Oleh: Dindin Najamuddin, SE. (Kepala Bagian Akademik Universitas Koperasi Indonesia)
Setelah menyeberang dari arah Gedung Sate menuju Lapang Gasibu, aku belok ke kiri, menelusuri trotoar. Tak jauh melangkah, mataku menangkap sosok tua yang duduk membungkuk di sisi trotoar. Di sampingnya tergeletak sebuah karung, seperempat penuh.

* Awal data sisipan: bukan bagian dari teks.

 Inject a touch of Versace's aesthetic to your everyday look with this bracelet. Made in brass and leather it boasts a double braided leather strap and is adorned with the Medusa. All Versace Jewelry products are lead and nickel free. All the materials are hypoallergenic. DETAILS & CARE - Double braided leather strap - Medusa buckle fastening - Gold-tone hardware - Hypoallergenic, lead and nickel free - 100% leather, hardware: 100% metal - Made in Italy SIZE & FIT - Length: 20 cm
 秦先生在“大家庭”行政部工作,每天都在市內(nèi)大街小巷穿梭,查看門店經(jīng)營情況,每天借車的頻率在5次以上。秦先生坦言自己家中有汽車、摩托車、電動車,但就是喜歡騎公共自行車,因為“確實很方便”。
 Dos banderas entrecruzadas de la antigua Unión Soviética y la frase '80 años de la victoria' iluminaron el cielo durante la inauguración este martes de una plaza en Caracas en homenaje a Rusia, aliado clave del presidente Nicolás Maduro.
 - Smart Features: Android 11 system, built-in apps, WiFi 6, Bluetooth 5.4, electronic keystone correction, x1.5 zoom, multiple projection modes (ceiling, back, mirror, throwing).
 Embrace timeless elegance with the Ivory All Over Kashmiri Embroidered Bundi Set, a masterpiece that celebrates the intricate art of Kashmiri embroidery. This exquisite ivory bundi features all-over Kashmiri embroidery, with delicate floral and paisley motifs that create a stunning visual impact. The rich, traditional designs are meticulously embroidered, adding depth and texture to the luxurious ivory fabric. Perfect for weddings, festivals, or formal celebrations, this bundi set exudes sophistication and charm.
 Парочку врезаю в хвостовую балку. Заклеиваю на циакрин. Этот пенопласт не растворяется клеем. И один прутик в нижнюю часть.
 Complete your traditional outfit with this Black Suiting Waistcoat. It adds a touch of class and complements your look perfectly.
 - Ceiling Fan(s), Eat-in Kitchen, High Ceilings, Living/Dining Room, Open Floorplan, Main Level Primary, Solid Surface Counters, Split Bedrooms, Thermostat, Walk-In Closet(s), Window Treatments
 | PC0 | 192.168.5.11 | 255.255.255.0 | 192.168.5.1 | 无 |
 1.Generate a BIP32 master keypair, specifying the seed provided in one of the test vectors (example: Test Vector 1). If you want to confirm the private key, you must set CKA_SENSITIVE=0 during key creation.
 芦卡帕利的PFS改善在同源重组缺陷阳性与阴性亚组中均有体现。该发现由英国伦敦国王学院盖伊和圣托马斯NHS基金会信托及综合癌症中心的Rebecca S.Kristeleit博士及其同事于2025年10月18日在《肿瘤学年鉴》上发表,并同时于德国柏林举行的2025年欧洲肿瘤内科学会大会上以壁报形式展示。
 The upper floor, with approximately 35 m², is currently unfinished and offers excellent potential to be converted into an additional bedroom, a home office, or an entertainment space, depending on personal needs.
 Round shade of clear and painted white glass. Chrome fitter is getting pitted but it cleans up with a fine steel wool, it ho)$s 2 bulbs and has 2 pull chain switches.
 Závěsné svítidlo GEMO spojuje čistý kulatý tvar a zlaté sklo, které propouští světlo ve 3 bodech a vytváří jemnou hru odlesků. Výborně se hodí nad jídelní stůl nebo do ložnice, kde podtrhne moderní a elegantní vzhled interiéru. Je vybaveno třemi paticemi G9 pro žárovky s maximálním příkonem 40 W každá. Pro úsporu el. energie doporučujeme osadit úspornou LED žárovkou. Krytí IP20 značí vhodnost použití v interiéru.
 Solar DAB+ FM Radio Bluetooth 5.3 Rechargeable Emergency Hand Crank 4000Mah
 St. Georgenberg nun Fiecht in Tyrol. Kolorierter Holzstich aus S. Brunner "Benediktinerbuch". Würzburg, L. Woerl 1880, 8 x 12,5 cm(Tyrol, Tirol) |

Pandangan matanya tertuju pada kantung plastik berisi beras yang ternyata tercampur pasir. Ia tampak begitu tekun, memisahkan butiran-butiran beras dari pasir dengan jemari tuanya, seolah dunia di sekitarnya tak ada.
Entah kenapa, hatiku tergerak. Ada rasa iba yang pelan-pelan mengisi hati. Aku merogoh saku, mengambil sejumlah uang, lalu memberikannya kepadanya. Tak banyak kata. Hanya senyuman kecil yang ia balas.
Tapi anehnya, perasaan setelah itu begitu hangat. Ada kelegaan yang sulit dijelaskan, seolah aku baru saja menyelamatkan sepotong kemanusiaan di bumi ini.
Beberapa minggu kemudian, aku kembali melewati jalan yang sama. Trotoar itu masih sibuk dengan lalu-lalang orang, tapi mataku segera tertuju pada sosok yang familiar. Ia masih di sana, si bapak tua dengan karung setianya. Duduk di tempat yang sama, dengan tubuhnya membungkuk, matanya tertuju pada seplastik beras yang kembali harus dipisahkan dari pasir.
Tangannya masih sabar, jemarinya tetap telaten, seolah lelah tak menyentuh ketekunannya.
Dadaku menghangat, tapi bukan oleh haru seperti dulu. Melainkan oleh kecewa yang diam-diam datang. Rupanya, iba bisa ditanam. Dan belas kasih kadang dimanfaatkan.
Aku berjalan lagi. Kali ini dengan langkah yang berat, dan keyakinan yang sedikit berubah tentang cara dunia bekerja.